What you need to do:
Leaving out the pictures, please reproduce exactly and only the lines from the one that contains "SMU is proud" through the last line below.

Available data:
━━━━━━━━━━━━━━━━━━━━

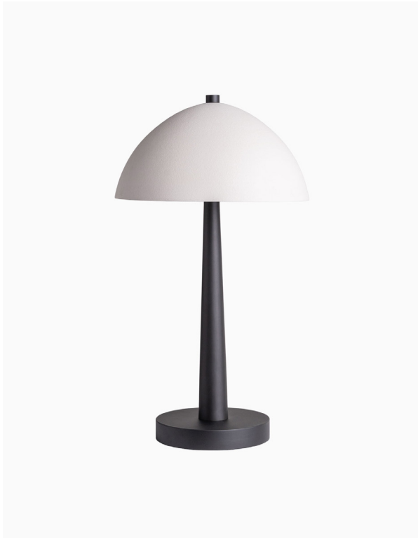
TABLE LAMP | NICO
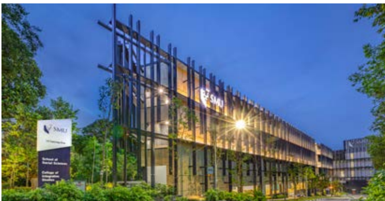
SMU College of Integrative Studies and School of Social Sciences building.

SMU is proud to be a key partner in MINDEF's broader efforts to develop future-ready digital talent for Singapore's defence ecosystem.
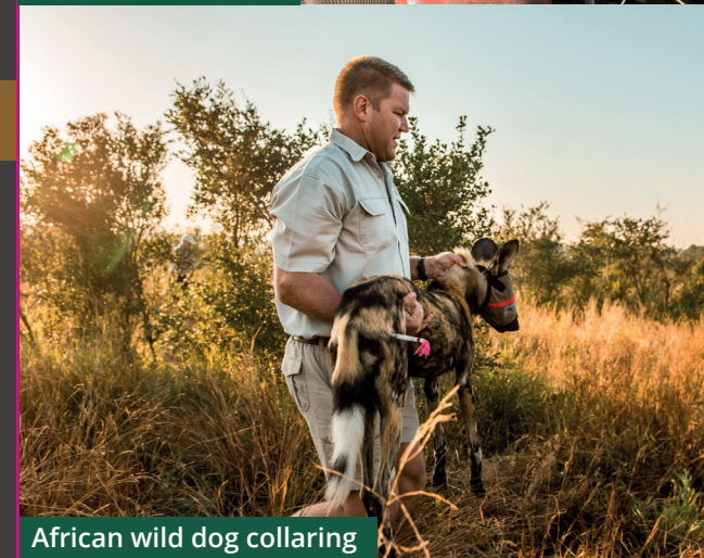
African wild dog collaring

━━━━━━━━━━━━━━━━━━━━

Answer space:
SMU is proud to be a key partner in MINDEF's broader efforts to develop future-ready digital talent for Singapore's defence ecosystem.
African wild dog collaring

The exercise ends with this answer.